◆ **EXERCISE REQUIREMENTS**
Give the data again word for word; drop the pictures.

◆ **DATASET EXCERPT**
* * *

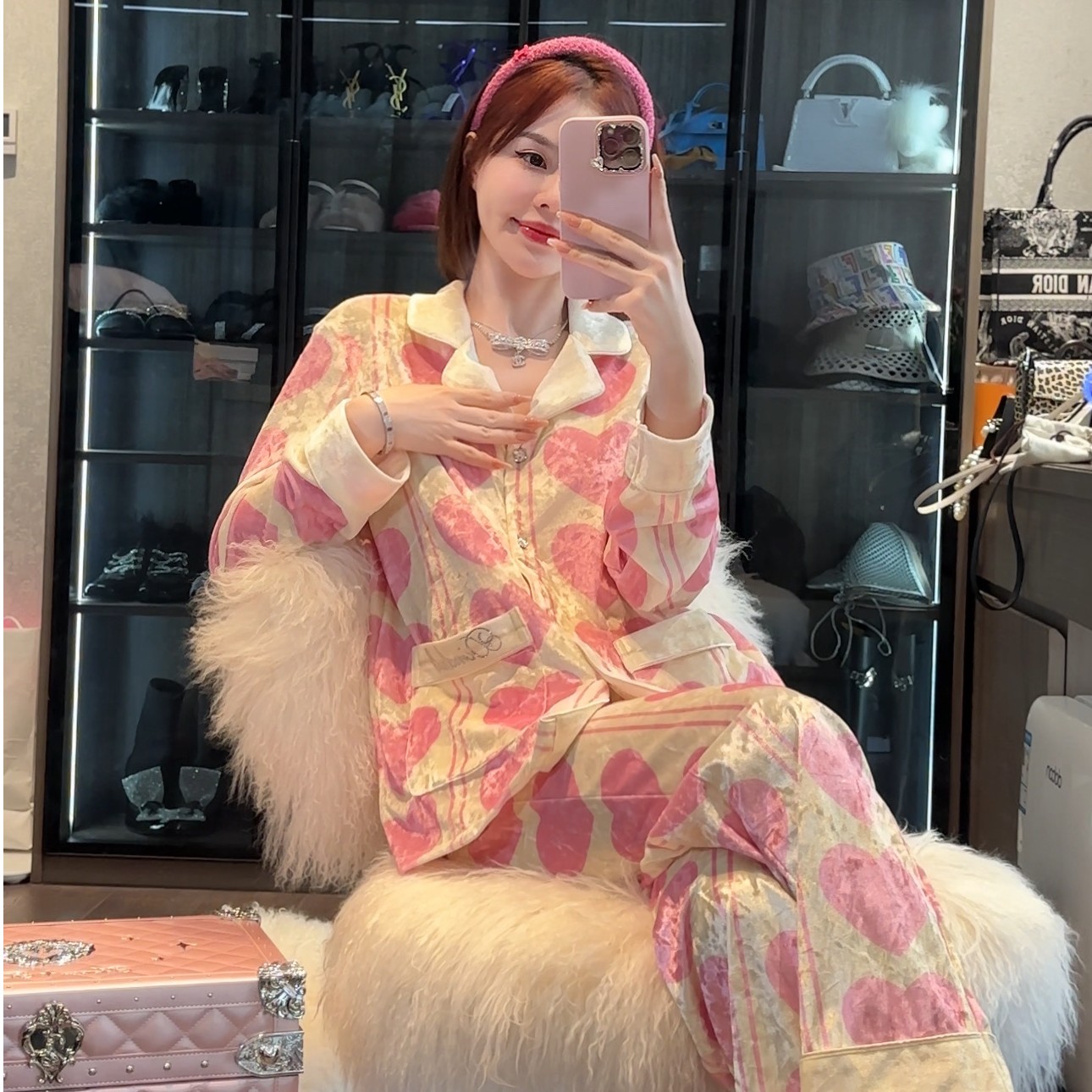 DIMDEVL汀黛25年秋冬睡衣女怦然心动爱心粉色可爱丝绒家居服套装
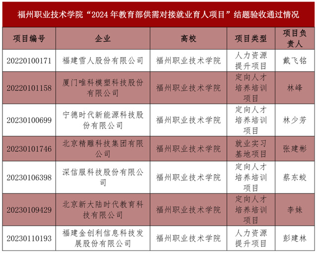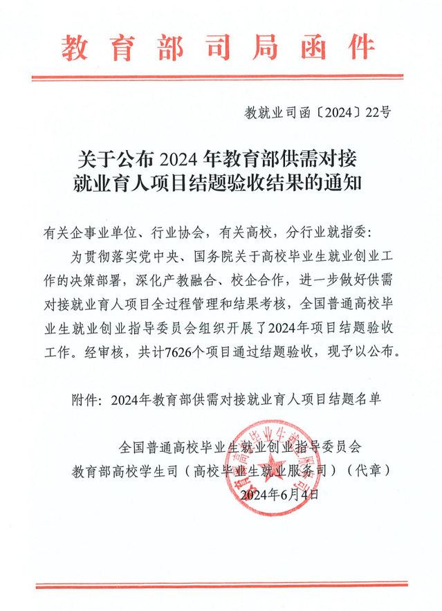 近日,教育部高校學(xué)生司印發(fā)了《關(guān)于公布2024年教育部供需對接就業(yè)育人項(xiàng)目結(jié)題驗(yàn)收結(jié)果的通知》(教就業(yè)司函〔2024〕22號),我校7個項(xiàng)目順利通過結(jié)題驗(yàn)收,其中,定向人才培養(yǎng)培訓(xùn)項(xiàng)目4個、人力資源提升項(xiàng)目2個、就業(yè)實(shí)習(xí)基地項(xiàng)目1個。
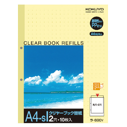 クリヤーブック替紙(2穴とじ) A4縦 2穴 台紙色黄 10枚入 ラ-690Y
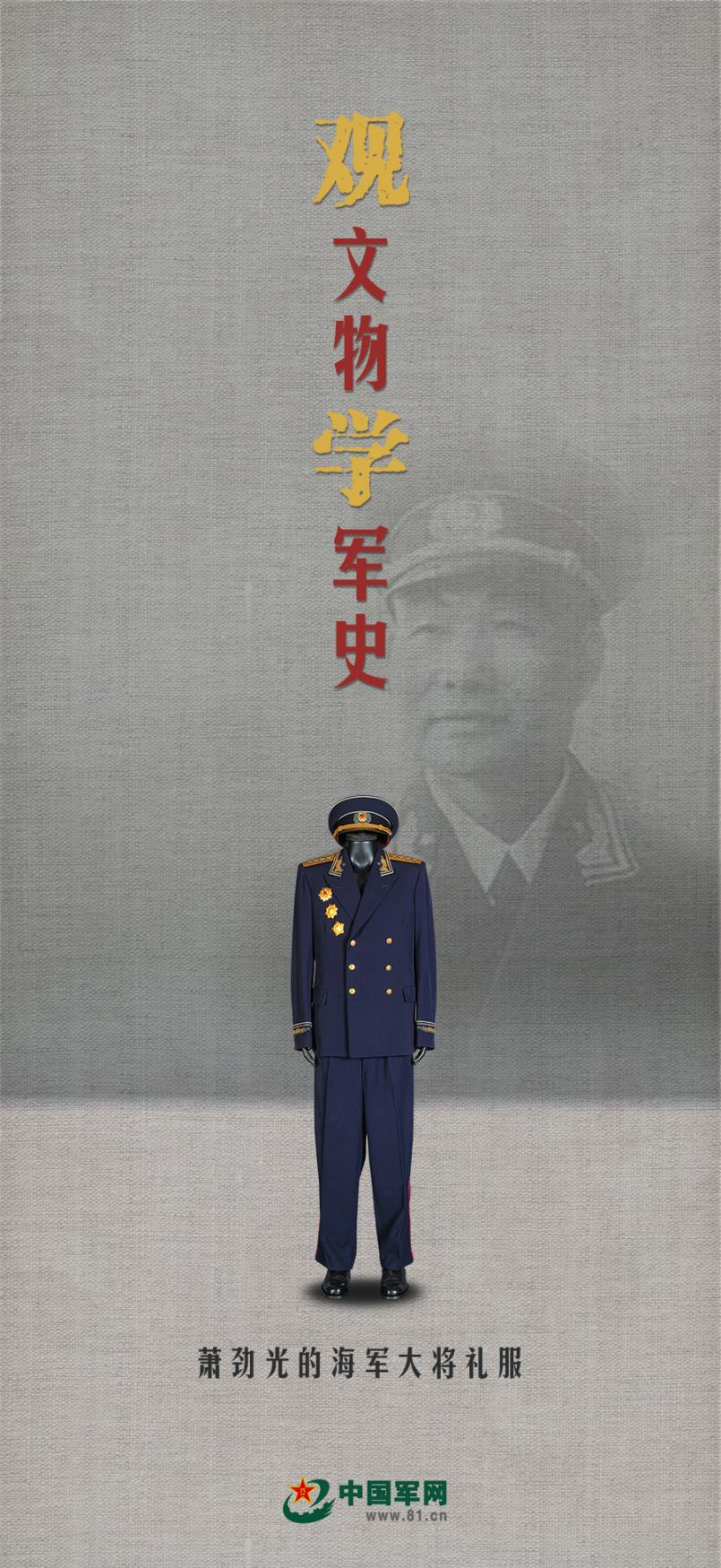 矢志不渝跟党走,笃行不怠建海军。萧劲光大将把毕生精力都献给了中国人民的革命事业,献给了人民海军的建设事业,这件海军大将礼服正是对萧劲光戎马生涯的光辉见证。

* * *

◆ **RESULT FOR THIS EXERCISE**
 DIMDEVL汀黛25年秋冬睡衣女怦然心动爱心粉色可爱丝绒家居服套装
 近日,教育部高校學(xué)生司印發(fā)了《關(guān)于公布2024年教育部供需對接就業(yè)育人項(xiàng)目結(jié)題驗(yàn)收結(jié)果的通知》(教就業(yè)司函〔2024〕22號),我校7個項(xiàng)目順利通過結(jié)題驗(yàn)收,其中,定向人才培養(yǎng)培訓(xùn)項(xiàng)目4個、人力資源提升項(xiàng)目2個、就業(yè)實(shí)習(xí)基地項(xiàng)目1個。
 クリヤーブック替紙(2穴とじ) A4縦 2穴 台紙色黄 10枚入 ラ-690Y
 矢志不渝跟党走,笃行不怠建海军。萧劲光大将把毕生精力都献给了中国人民的革命事业,献给了人民海军的建设事业,这件海军大将礼服正是对萧劲光戎马生涯的光辉见证。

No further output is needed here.